Set down, exactly as they appear, the line containing "Bij de RNSYC jachthaven in Oostende." and all subsequent lines through the end of the material below.
-------- Material provided
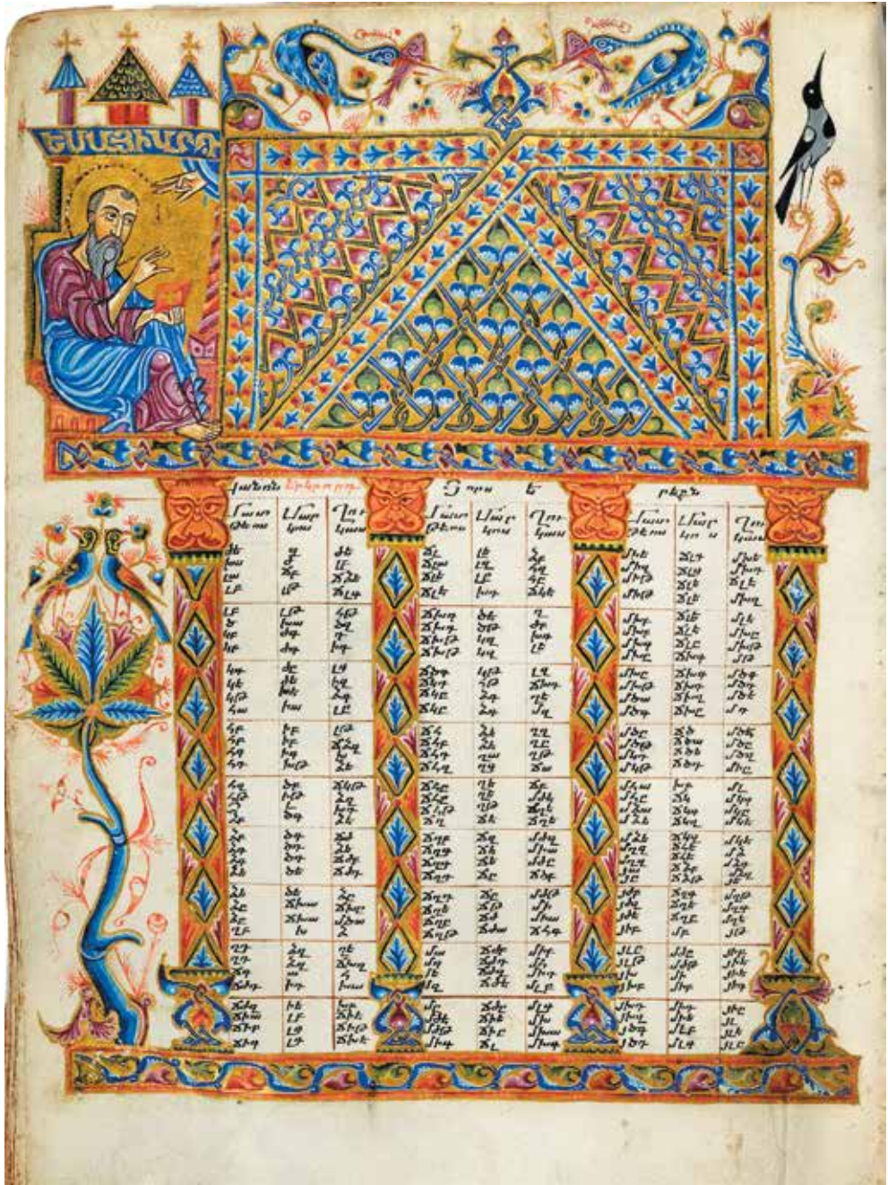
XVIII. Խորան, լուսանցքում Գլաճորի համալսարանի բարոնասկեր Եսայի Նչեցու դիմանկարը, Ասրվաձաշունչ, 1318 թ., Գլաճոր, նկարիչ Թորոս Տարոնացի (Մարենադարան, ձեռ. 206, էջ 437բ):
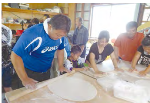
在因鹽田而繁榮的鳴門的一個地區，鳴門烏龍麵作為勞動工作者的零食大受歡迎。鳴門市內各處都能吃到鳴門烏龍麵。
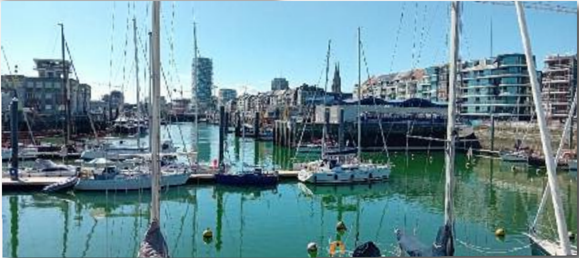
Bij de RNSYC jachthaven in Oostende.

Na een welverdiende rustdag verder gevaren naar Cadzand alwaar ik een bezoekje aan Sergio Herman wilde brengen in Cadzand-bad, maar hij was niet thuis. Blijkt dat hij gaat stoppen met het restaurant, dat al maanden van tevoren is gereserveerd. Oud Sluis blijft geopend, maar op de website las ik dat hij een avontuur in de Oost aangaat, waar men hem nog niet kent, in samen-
----------------
▶ _Response_
Bij de RNSYC jachthaven in Oostende.

Na een welverdiende rustdag verder gevaren naar Cadzand alwaar ik een bezoekje aan Sergio Herman wilde brengen in Cadzand-bad, maar hij was niet thuis. Blijkt dat hij gaat stoppen met het restaurant, dat al maanden van tevoren is gereserveerd. Oud Sluis blijft geopend, maar op de website las ik dat hij een avontuur in de Oost aangaat, waar men hem nog niet kent, in samen-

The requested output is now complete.